• _Prompt_
The records below are to be reproduced exactly, with the pictures left out.

• _Supplied records_

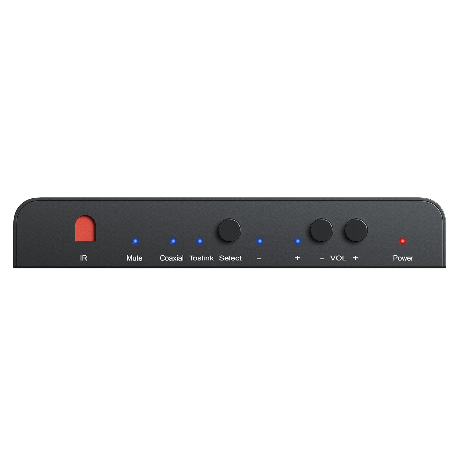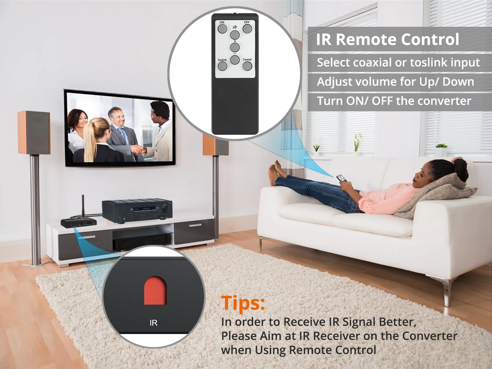3. ИК-пульт дистанционного управления, с ИК-беспроводным пультом дистанционного управления, легко регулировать громкость/выбрать коаксиальный или toslink вход/Выключить/включить или выключить с помощью ИК-беспроводного пульта дистанционного управления. Для получения сигнала лучше, пожалуйста, убедитесь, что пульт находится перед инфракрасным ИК-индикатором на конвертере.
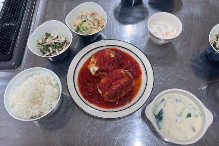 また、合宿日がクリスマスであることも意識し、24日にはクリスマスカラーである赤を意識した「イタリアンハンバーグ」。25日は、鶏むね肉の唐揚げにタルタルソースを添え、より多くのたんぱく質を摂取できるように工夫した『チキン南蛮』を提供しました。
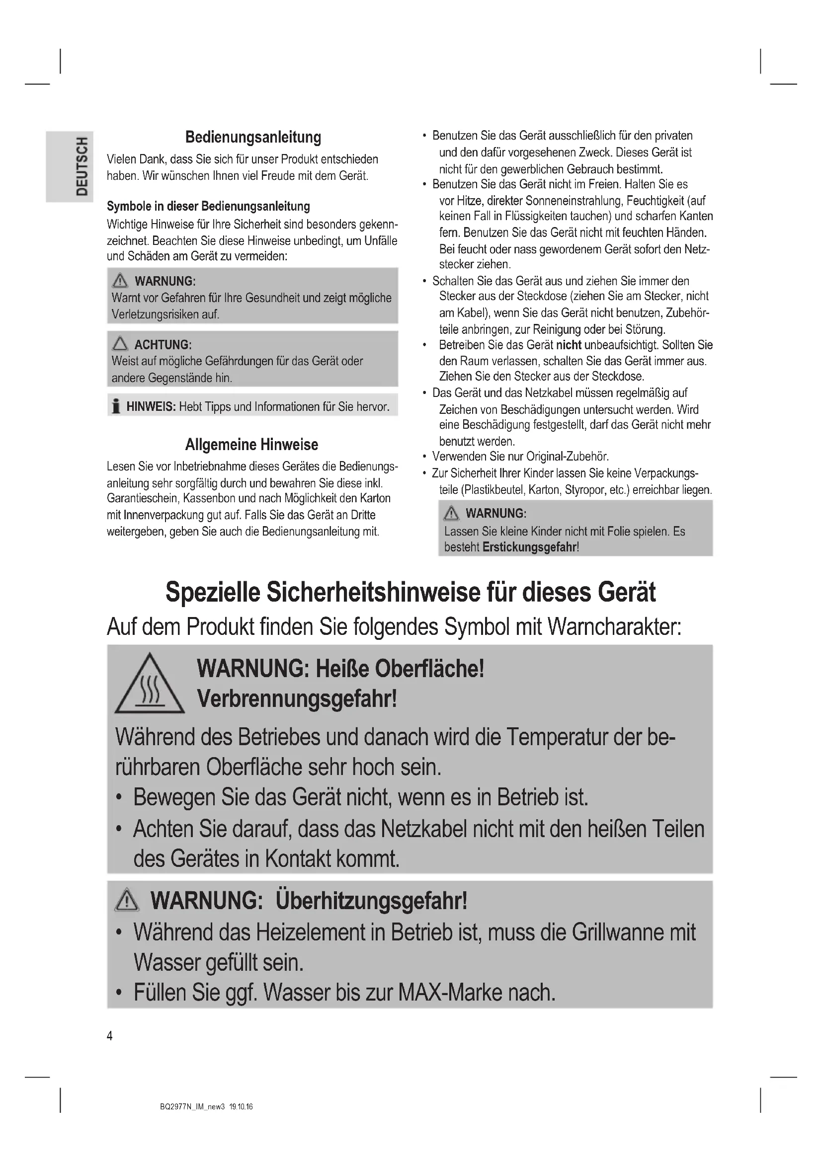 BQ2977N_IM_new3 19.10.163 Übersicht der Bedienelemente Overzicht van de bedieningselementen • Liste des différents éléments de commande Indicación de los elementos de manejo • Elementi di comando • Overview of the Components Przegląd elementów obsługi • A kezelőelemek áttekintése Обзор деталей прибора • BQ2977N_IM_new3 19.10.164 BQ2977N_IM_new3 19.10.16 Bedienungsanleitung Vielen Dank, dass Sie sich für unser Produkt entschieden haben. Wir wünschen Ihnen viel Freude mit dem Gerät. Symbole in dieser Bedienungsanleitung Wichtige Hinweise für Ihre Sicherheit sind besonders gekenn- zeichnet. Beachten Sie diese Hinweise unbedingt, um Unfälle und Schäden am Gerät zu vermeiden: WARNUNG: Warnt vor Gefahren für Ihre Gesundheit und zeigt mögliche Verletzungsrisiken auf. ACHTUNG: Weist auf mögliche Gefährdungen für das Gerät oder andere Gegenstände hin. HINWEIS: Hebt Tipps und Informationen für Sie hervor. Allgemeine Hinweise Lesen Sie vor Inbetriebnahme dieses Gerätes die Bedienungs- anleitung sehr sorgfältig durch und bewahren Sie diese inkl. Garantieschein, Kassenbon und nach Möglichkeit den Karton mit Innenverpackung gut auf. Falls Sie das Gerät an Dritte weitergeben, geben Sie auch die Bedienungsanleitung mit.
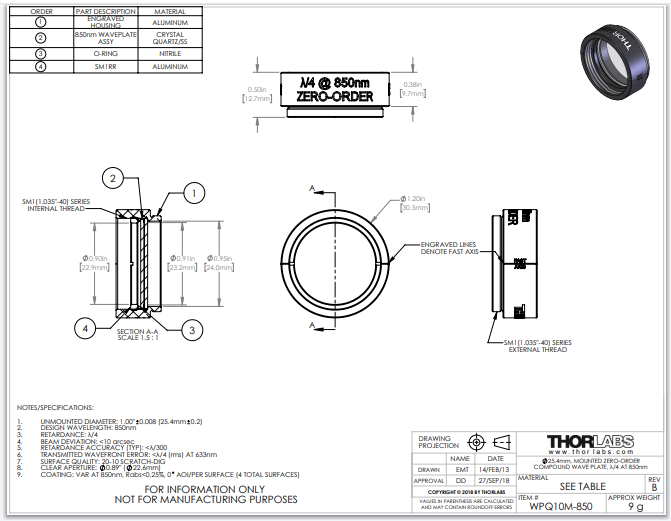 Thorlabs索雷博 WPQ10M-850 - Ø1英寸零级四分之一波片
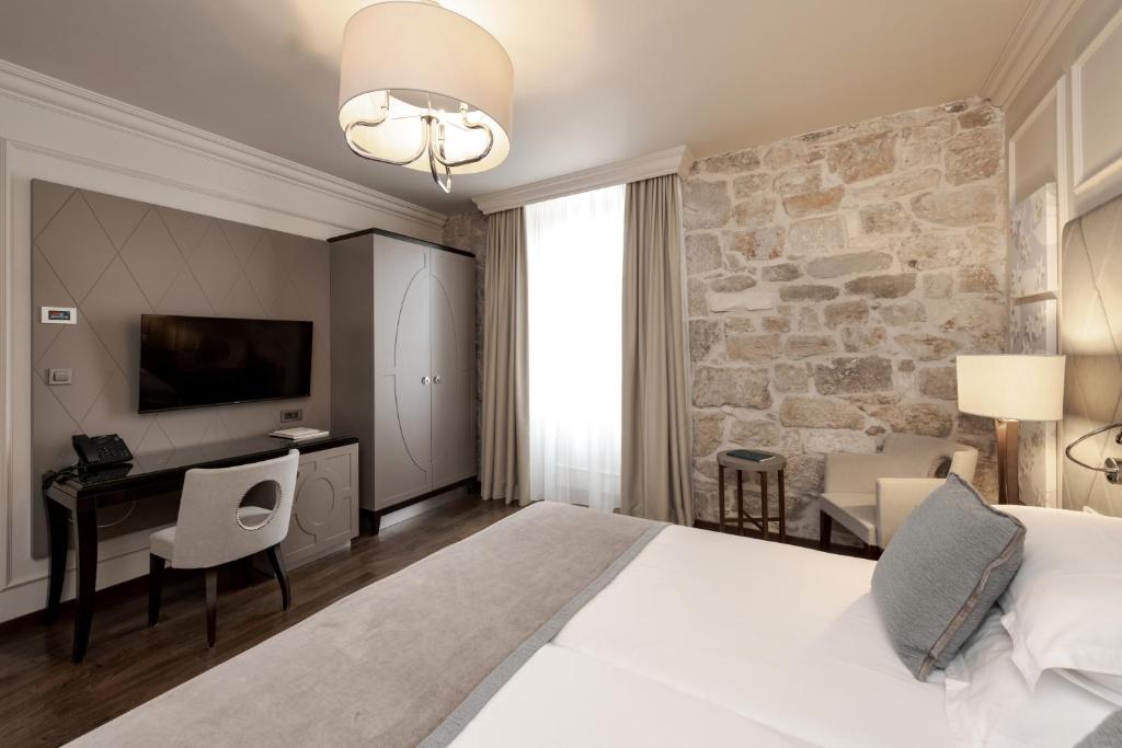 Ce refuge de charme dispose de 27 chambres et suites aux tons apaisants de gris et de blanc, rehaussées par un mobilier artisanal et des parquets en teck. Les clients peuvent profiter d'un confort moderne et dîner au Kaštel, où la cuisine méditerranéenne et locale est mise à l'honneur, en particulier sur la terrasse offrant une vue panoramique.
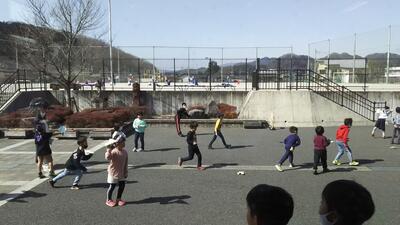 すがすがしく爽やかない陽気の中で、業間や昼休みは外で元気に遊ぶ子どもたち。

• _Written answer_
3. ИК-пульт дистанционного управления, с ИК-беспроводным пультом дистанционного управления, легко регулировать громкость/выбрать коаксиальный или toslink вход/Выключить/включить или выключить с помощью ИК-беспроводного пульта дистанционного управления. Для получения сигнала лучше, пожалуйста, убедитесь, что пульт находится перед инфракрасным ИК-индикатором на конвертере.
 また、合宿日がクリスマスであることも意識し、24日にはクリスマスカラーである赤を意識した「イタリアンハンバーグ」。25日は、鶏むね肉の唐揚げにタルタルソースを添え、より多くのたんぱく質を摂取できるように工夫した『チキン南蛮』を提供しました。
 BQ2977N_IM_new3 19.10.163 Übersicht der Bedienelemente Overzicht van de bedieningselementen • Liste des différents éléments de commande Indicación de los elementos de manejo • Elementi di comando • Overview of the Components Przegląd elementów obsługi • A kezelőelemek áttekintése Обзор деталей прибора • BQ2977N_IM_new3 19.10.164 BQ2977N_IM_new3 19.10.16 Bedienungsanleitung Vielen Dank, dass Sie sich für unser Produkt entschieden haben. Wir wünschen Ihnen viel Freude mit dem Gerät. Symbole in dieser Bedienungsanleitung Wichtige Hinweise für Ihre Sicherheit sind besonders gekenn- zeichnet. Beachten Sie diese Hinweise unbedingt, um Unfälle und Schäden am Gerät zu vermeiden: WARNUNG: Warnt vor Gefahren für Ihre Gesundheit und zeigt mögliche Verletzungsrisiken auf. ACHTUNG: Weist auf mögliche Gefährdungen für das Gerät oder andere Gegenstände hin. HINWEIS: Hebt Tipps und Informationen für Sie hervor. Allgemeine Hinweise Lesen Sie vor Inbetriebnahme dieses Gerätes die Bedienungs- anleitung sehr sorgfältig durch und bewahren Sie diese inkl. Garantieschein, Kassenbon und nach Möglichkeit den Karton mit Innenverpackung gut auf. Falls Sie das Gerät an Dritte weitergeben, geben Sie auch die Bedienungsanleitung mit.
 Thorlabs索雷博 WPQ10M-850 - Ø1英寸零级四分之一波片
 Ce refuge de charme dispose de 27 chambres et suites aux tons apaisants de gris et de blanc, rehaussées par un mobilier artisanal et des parquets en teck. Les clients peuvent profiter d'un confort moderne et dîner au Kaštel, où la cuisine méditerranéenne et locale est mise à l'honneur, en particulier sur la terrasse offrant une vue panoramique.
 すがすがしく爽やかない陽気の中で、業間や昼休みは外で元気に遊ぶ子どもたち。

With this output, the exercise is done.